▶ Excerpts from a dataset
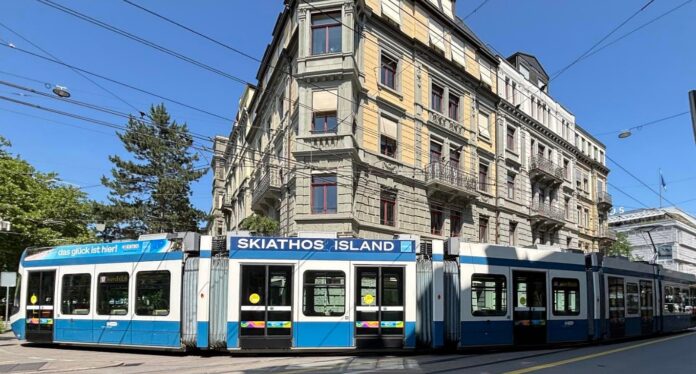 Ο Δήμος Σκιάθου συνεχίζει την υλοποίηση του σχεδίου τουριστικής στρατηγικής προβολής σε διεθνείς αγορές, με μία ακόμη στοχευμένη δράση εξωστρέφειας. Από τις 3 Ιουνίου έως τις 2 Σεπτεμβρίου 2025, ένα τραμ που διασχίζει καθημερινά το κέντρο της Ζυρίχης φέρει εξωτερικό διαφημιστικό banner με θέμα τη Σκιάθο, προσκαλώντας τους κατοίκους και επισκέπτες της πόλης να γνωρίσουν τις ομορφιές του νησιού.
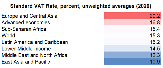 Noteworthy regional clustering effects are observed. Countries in Asia have the lowest average rates and include relatively new VATs. Middle East and North Africa and Latin America and the Caribbean have rates slightly lower than the world average. Advanced economies and countries in Europe have the highest standard rates and their averages exceed the world average. Newer VATs in Europe have been influenced by the EU experience with relatively high rates.
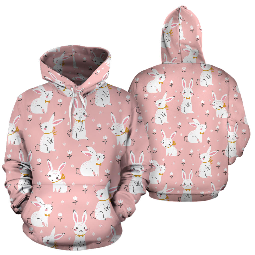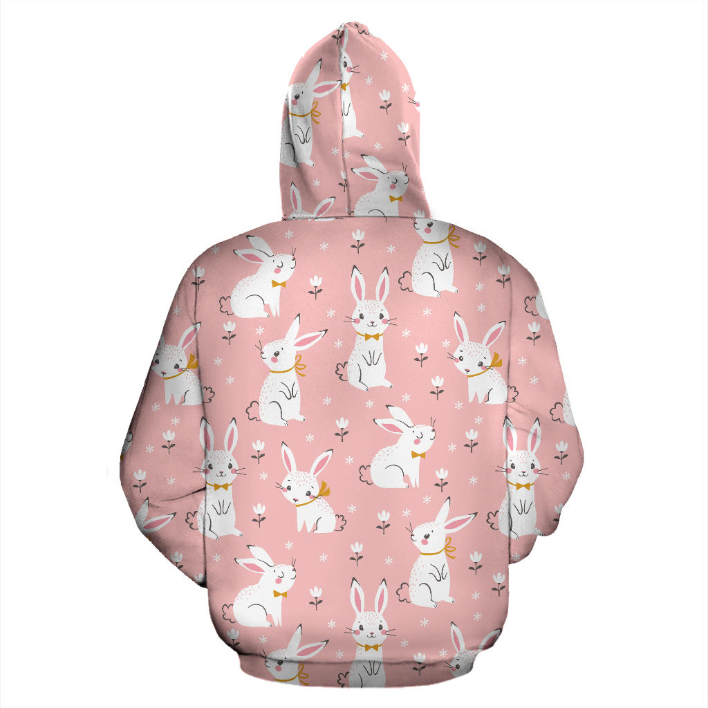 Cute White Rabbit Flower Pink Background Men Women Pullover Hoodie
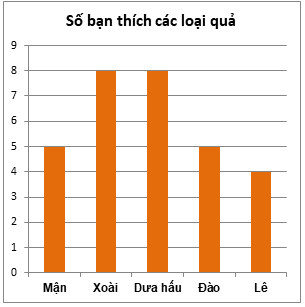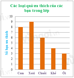 Lớp 6C có số bạn thích các loại quả được biểu diễn bằng biểu đồ sau:
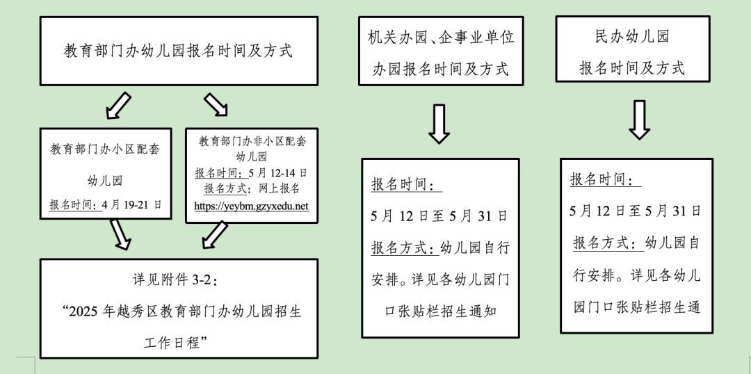 4月9日,广州市越秀区教育局发布《关于做好2025年幼儿园招生工作的通知》(下称《通知》)。《通知》显示,区教育部门办小区配套幼儿园面向小区业主子女招生报名时间为4月19日至4月21日、面向社会招生网上报名时间为5月12日至5月14日。
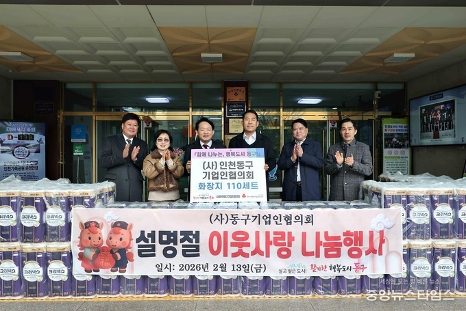 (중앙뉴스타임스 = 방재영 기자) (사)인천동구기업인협의회(회장 장동춘)는 지난 13일 ‘설맞이 사랑의 물품 나눔’ 휴지 110세트 전달식을 개최했다고 밝혔다.
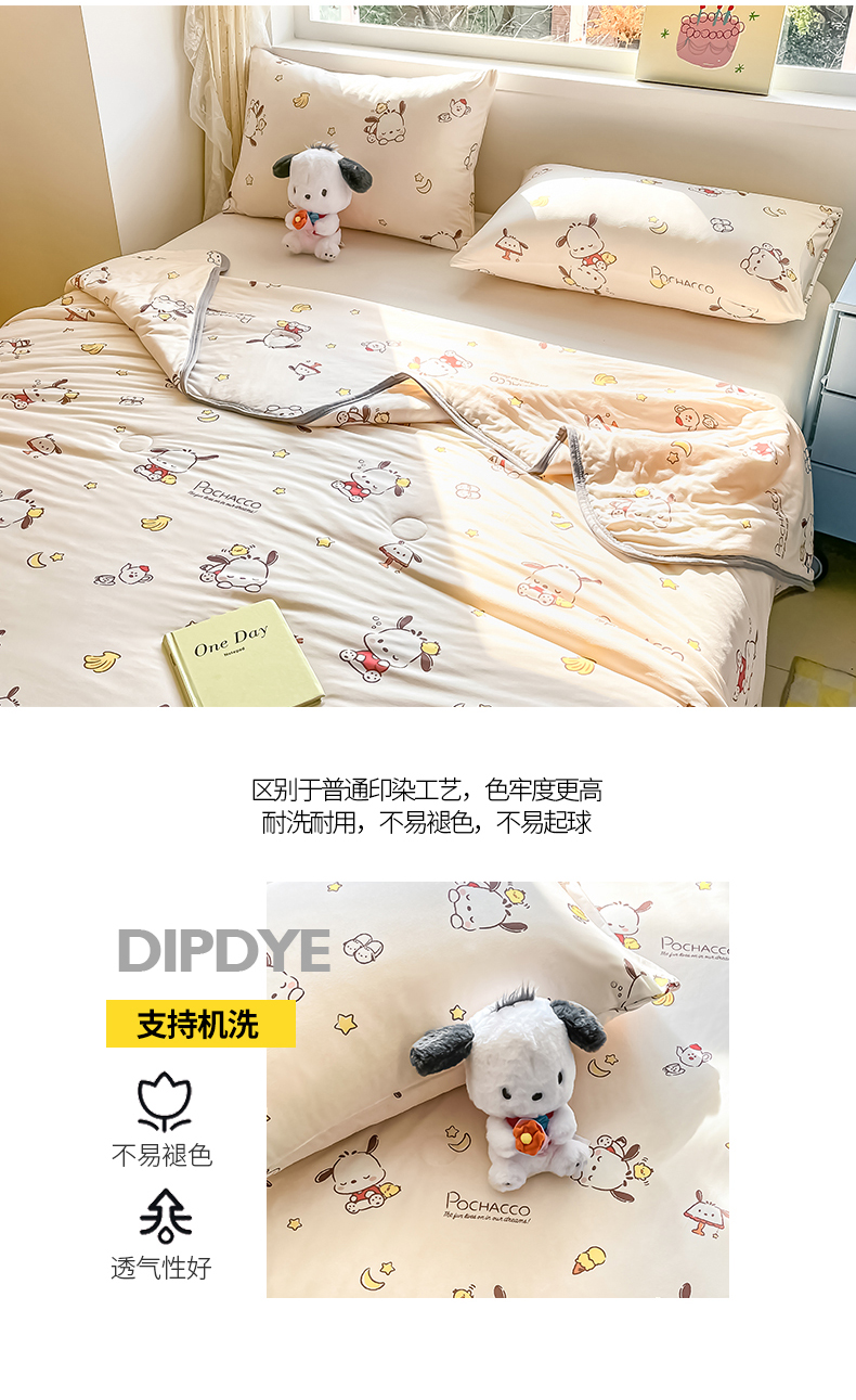 当前位置: 91家纺网 > 商品网购 > 被子 > 普通夏被 > 桃子家居 2024新款A类三丽鸥正版授权高品质牛奶丝软糯针织棉夏被系列 针织棉三丽鸥-小鸡帕恰狗
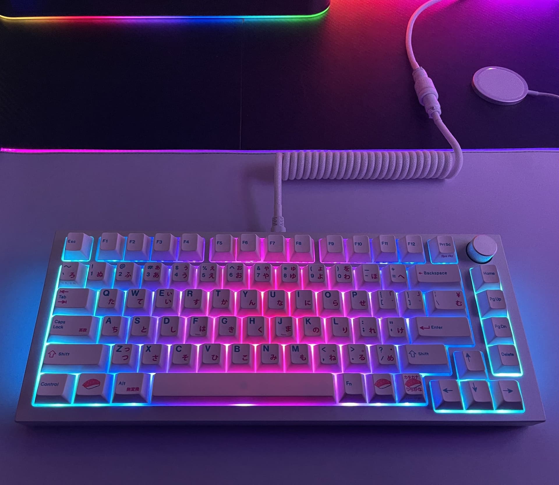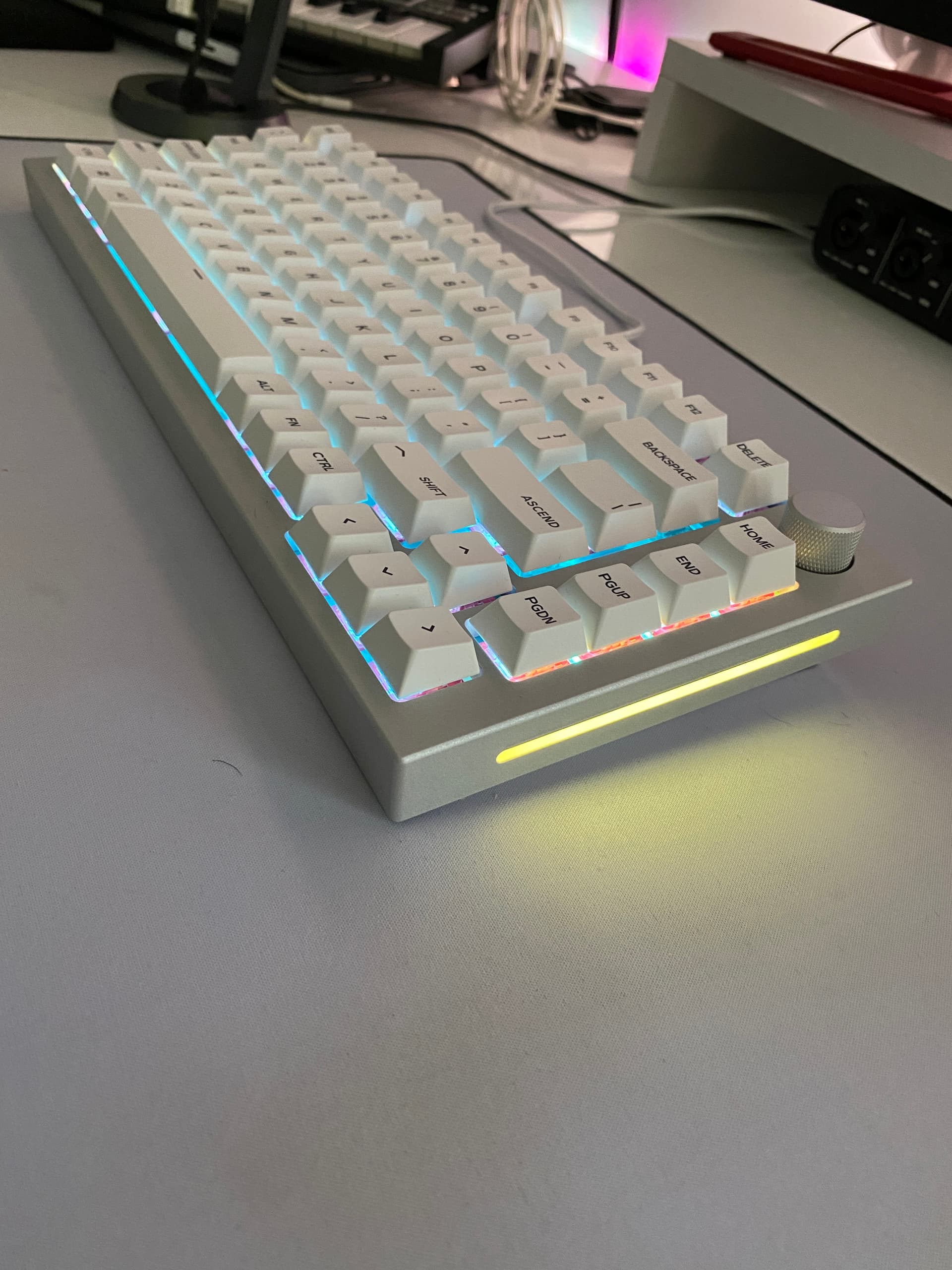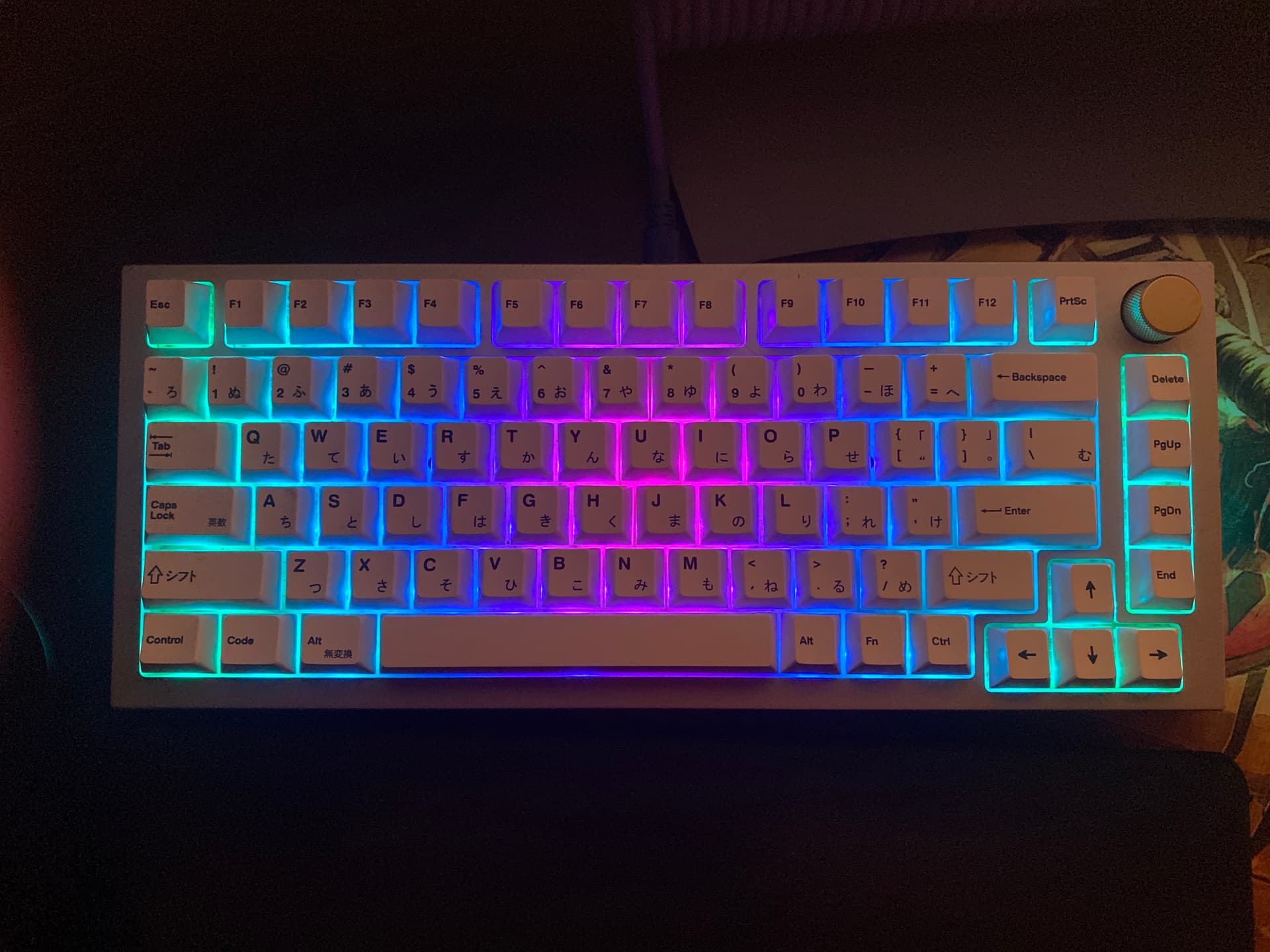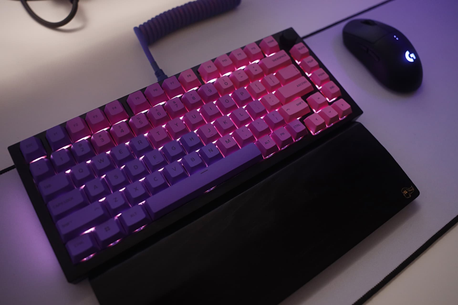 My Gmmk Pro with poly back plate, Everglide aqua king switches, durock v2 stabs, and Drop artifact bloom series glow keycaps(Space bar is from the glorious pudding caps). result is an insanely quiet board with a fantastic rgb effect. wrist rest was a quick 3d print i whipped up one night. i need to take an updated picture since i have a stone wrist rest now! .
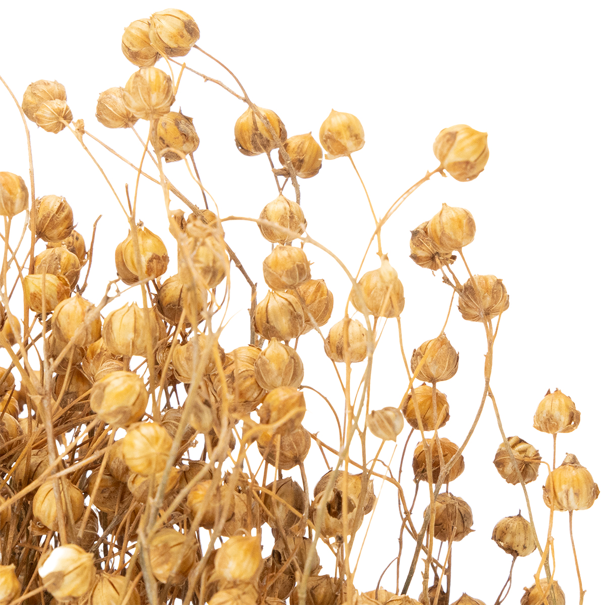 Le numerose piccole capsule rotonde dei semi di lino sono estremamente decorative allo stato naturale, rendendo il lino un elemento decorativo popolare nelle composizioni floreali secche durante tutto l'anno! Il lino secco è indispensabile nelle forniture floreali e può essere incorporato in vari modi in bouquet secchi, ghirlande naturali e anelli decorativi nel popolare stile scandinavo.

▶ Work required
The data above must be given back verbatim, minus its images.

▶ Written solution
 Ο Δήμος Σκιάθου συνεχίζει την υλοποίηση του σχεδίου τουριστικής στρατηγικής προβολής σε διεθνείς αγορές, με μία ακόμη στοχευμένη δράση εξωστρέφειας. Από τις 3 Ιουνίου έως τις 2 Σεπτεμβρίου 2025, ένα τραμ που διασχίζει καθημερινά το κέντρο της Ζυρίχης φέρει εξωτερικό διαφημιστικό banner με θέμα τη Σκιάθο, προσκαλώντας τους κατοίκους και επισκέπτες της πόλης να γνωρίσουν τις ομορφιές του νησιού.
 Noteworthy regional clustering effects are observed. Countries in Asia have the lowest average rates and include relatively new VATs. Middle East and North Africa and Latin America and the Caribbean have rates slightly lower than the world average. Advanced economies and countries in Europe have the highest standard rates and their averages exceed the world average. Newer VATs in Europe have been influenced by the EU experience with relatively high rates.
 Cute White Rabbit Flower Pink Background Men Women Pullover Hoodie
 Lớp 6C có số bạn thích các loại quả được biểu diễn bằng biểu đồ sau:
 4月9日,广州市越秀区教育局发布《关于做好2025年幼儿园招生工作的通知》(下称《通知》)。《通知》显示,区教育部门办小区配套幼儿园面向小区业主子女招生报名时间为4月19日至4月21日、面向社会招生网上报名时间为5月12日至5月14日。
 (중앙뉴스타임스 = 방재영 기자) (사)인천동구기업인협의회(회장 장동춘)는 지난 13일 ‘설맞이 사랑의 물품 나눔’ 휴지 110세트 전달식을 개최했다고 밝혔다.
 当前位置: 91家纺网 > 商品网购 > 被子 > 普通夏被 > 桃子家居 2024新款A类三丽鸥正版授权高品质牛奶丝软糯针织棉夏被系列 针织棉三丽鸥-小鸡帕恰狗
 My Gmmk Pro with poly back plate, Everglide aqua king switches, durock v2 stabs, and Drop artifact bloom series glow keycaps(Space bar is from the glorious pudding caps). result is an insanely quiet board with a fantastic rgb effect. wrist rest was a quick 3d print i whipped up one night. i need to take an updated picture since i have a stone wrist rest now! .
 Le numerose piccole capsule rotonde dei semi di lino sono estremamente decorative allo stato naturale, rendendo il lino un elemento decorativo popolare nelle composizioni floreali secche durante tutto l'anno! Il lino secco è indispensabile nelle forniture floreali e può essere incorporato in vari modi in bouquet secchi, ghirlande naturali e anelli decorativi nel popolare stile scandinavo.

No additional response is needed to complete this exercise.